** RECORDED DATA follows **

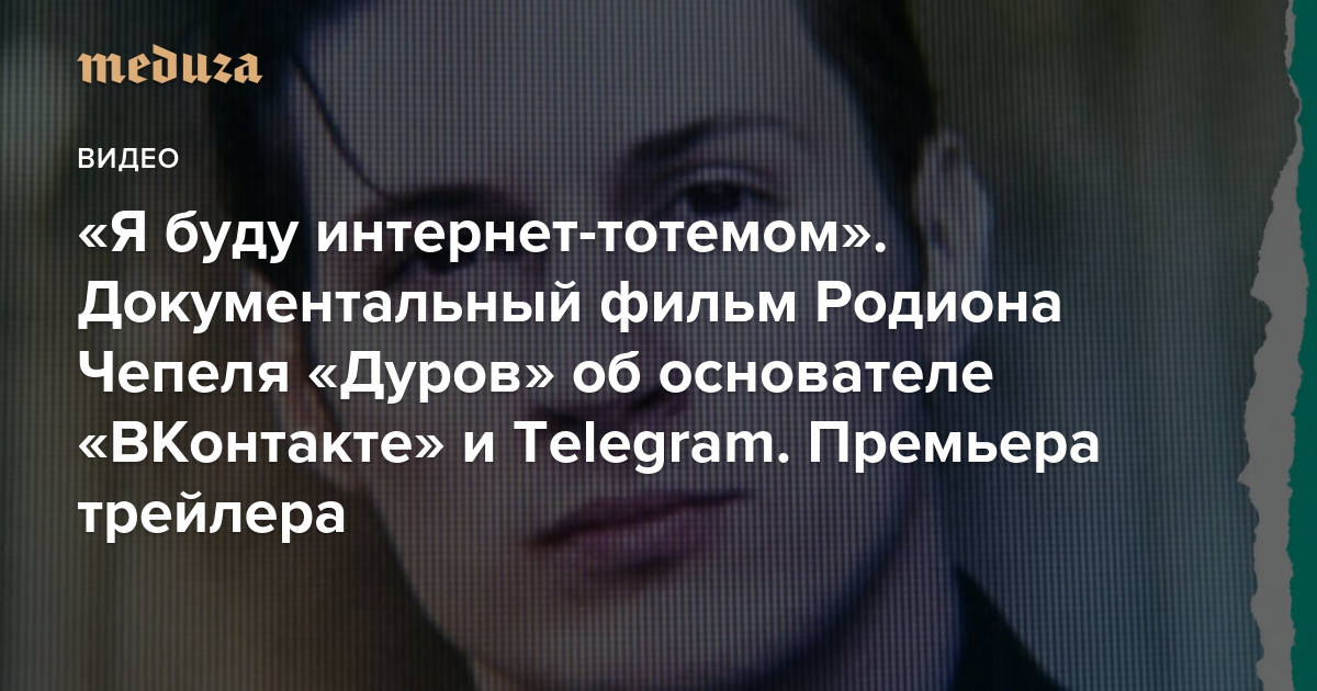 «Я буду интернет-тотемом» Документальный фильм Родиона Чепеля «Дуров» об основателе «ВКонтакте» и Telegram. Премьера трейлера
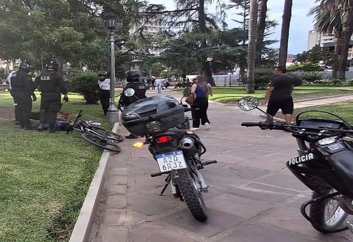 La intervención se produjo tras un pedido de apoyo en la intersección de calles San Martín y Gorriti, donde el sujeto exigía dinero de manera agresiva y profería insultos a quienes circulaban por la zona. Las unidades motorizadas actuaron de inmediato para restablecer el orden y garantizar la seguridad de los peatones.
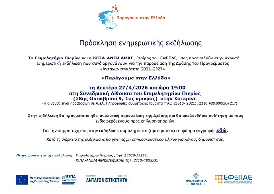 τη Δευτέρα 27/4/2026 και ώρα 19:00 στη Συνεδριακή Αίθουσα (1 ος όροφος) του Επιμελητηρίου Πιερίας.
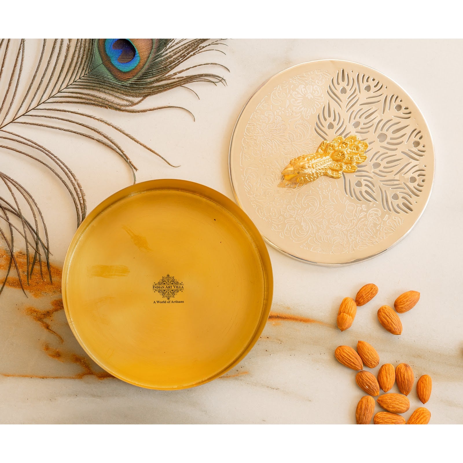 INDIAN ART VILLA Silver-Plated & Brass Multipurpose Box with Peacock Design Lid With its compact yet spacious size, this multipurpose box is perfect for storing dry fruits, sweets, spices, condiments, or even jewelry and small keep snakes. The gold and silver finish creates a striking contrast, making it a stunning centerpiece for your kitchen, dining table, or living space. Its versatile design makes it ideal for serving during gatherings or simply adding a decorative touch to your home. This elegant box also makes a thoughtful gift for loved ones on special occasions like weddings, housewarmings, anniversaries, and festivals. Handcrafted by skilled Indian artisans, the Indian Art Villa Silver-Plated & Brass Multipurpose Box is more than just a storage container – it’s a timeless piece of art that combines heritage, style, and practicality. Perfect for personal use, gifting, or as a decorative addition to your home, this box is a must-have for those who appreciate fine craftsmanship and elegance.
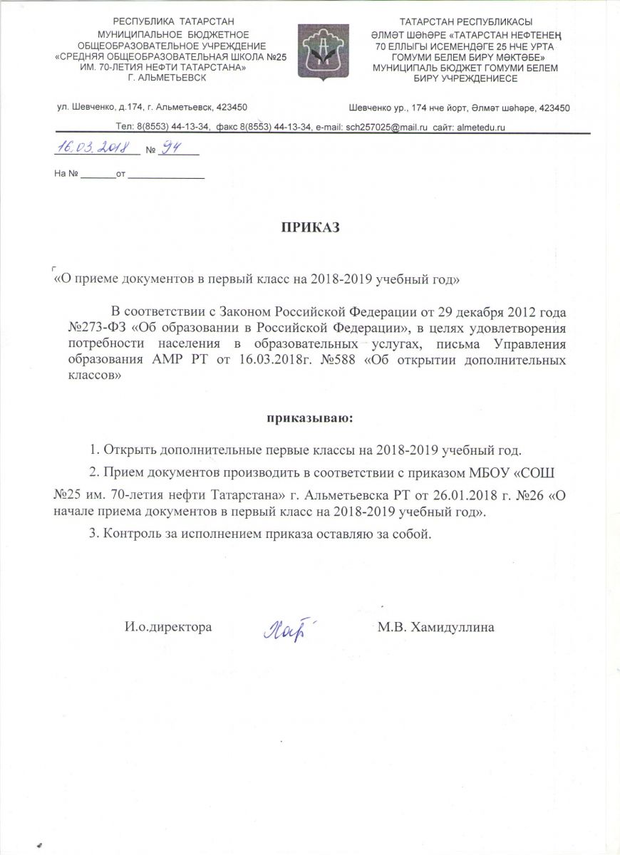 Объявление!С 19 марта объявляется дополнительный набор в 1 класс на 2018-2019 учебный год.Прием документов с 13.00ч. до 16.00ч с понедельника по пятницу на 1 этаже школы.Ознакомится с нормативными документами--https://edu.tatar.ru/almet/25school/page2781571.htm
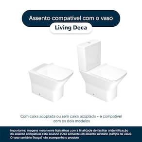 Compatível com o vaso sanitário Deca modelo Living com ou sem caixa acoplada.
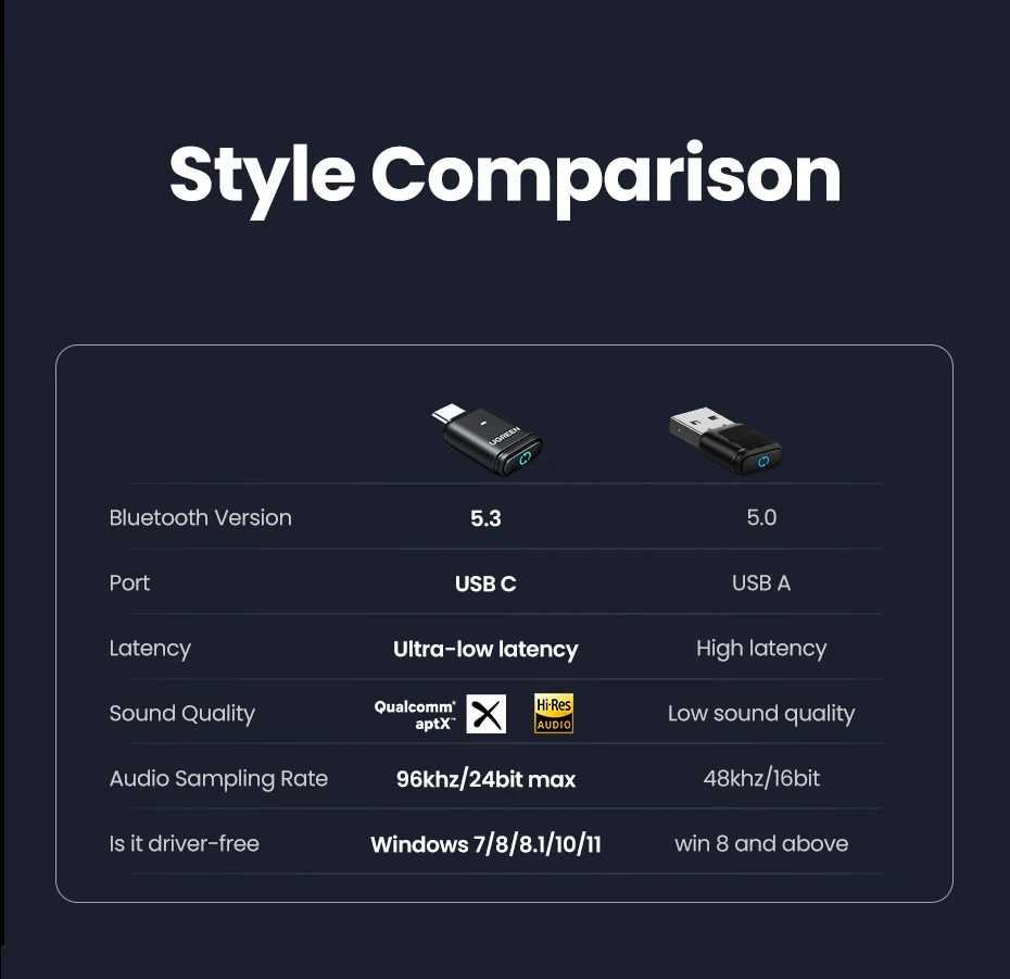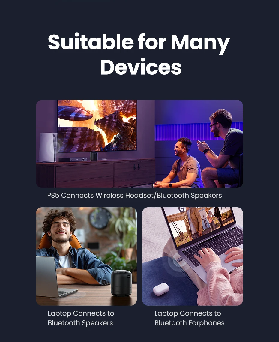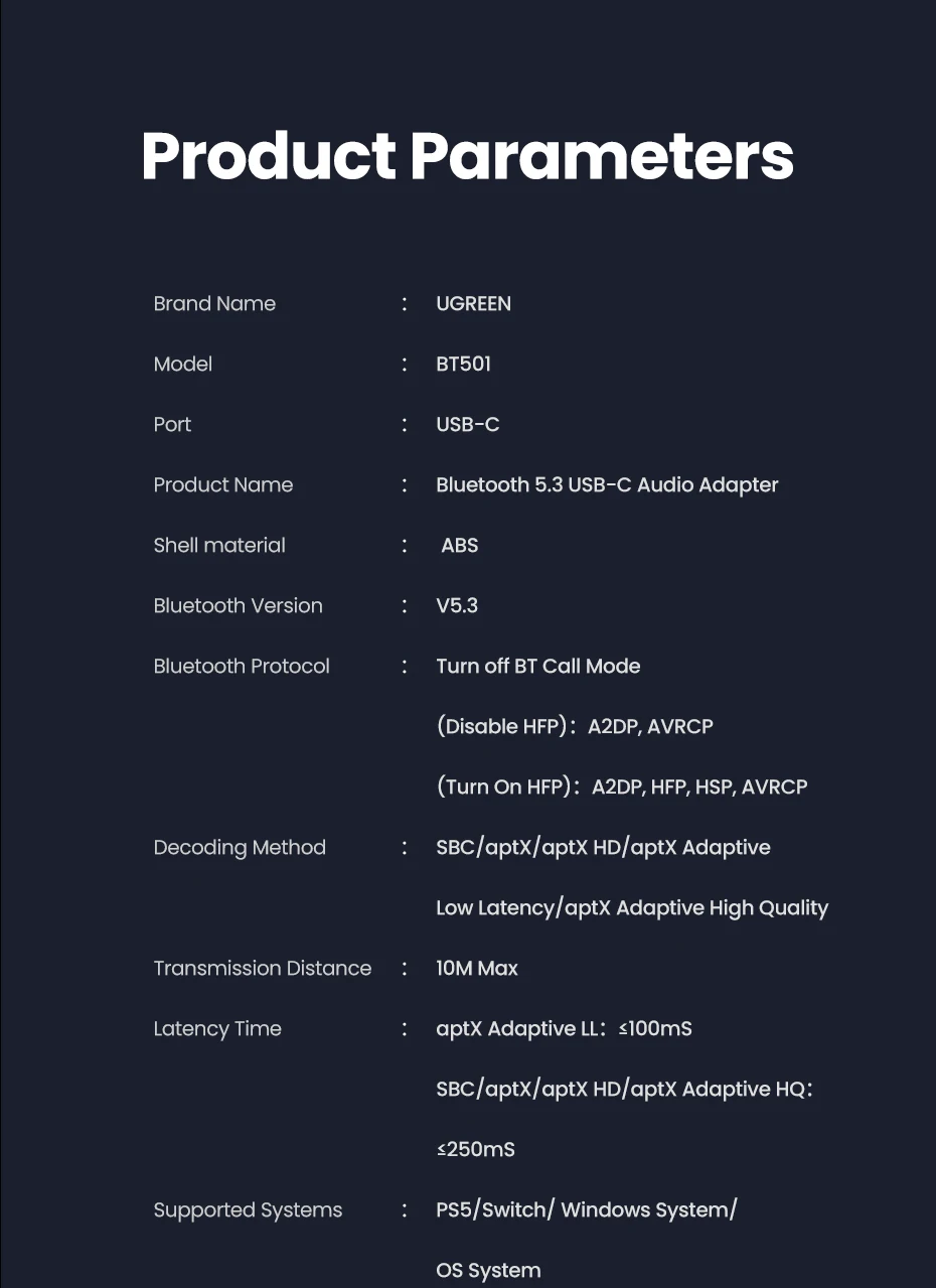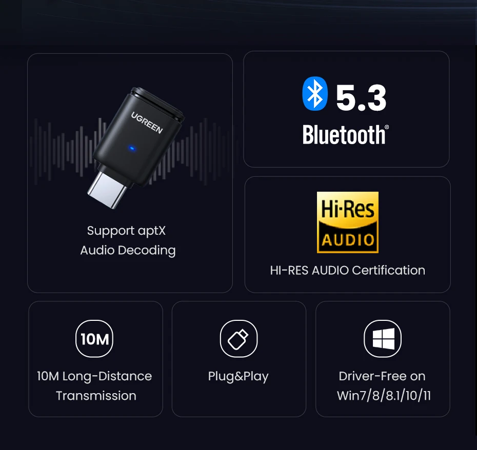 UGREEN-Adaptador de Audio aptX HD para PC Nintendo Switch, transmisor con Bluetooth 5,3, USB tipo C, micrófono y altavoz

** End of RECORDED DATA **

> _ASSIGNMENT_
Lines from the start of the listing above through the line holding "τη Δευτέρα 27/4/2026" are to be duplicated exactly, and nothing more; leave out the pictures.

> _SOLVED EXERCISE_
 «Я буду интернет-тотемом» Документальный фильм Родиона Чепеля «Дуров» об основателе «ВКонтакте» и Telegram. Премьера трейлера
 La intervención se produjo tras un pedido de apoyo en la intersección de calles San Martín y Gorriti, donde el sujeto exigía dinero de manera agresiva y profería insultos a quienes circulaban por la zona. Las unidades motorizadas actuaron de inmediato para restablecer el orden y garantizar la seguridad de los peatones.
 τη Δευτέρα 27/4/2026 και ώρα 19:00 στη Συνεδριακή Αίθουσα (1 ος όροφος) του Επιμελητηρίου Πιερίας.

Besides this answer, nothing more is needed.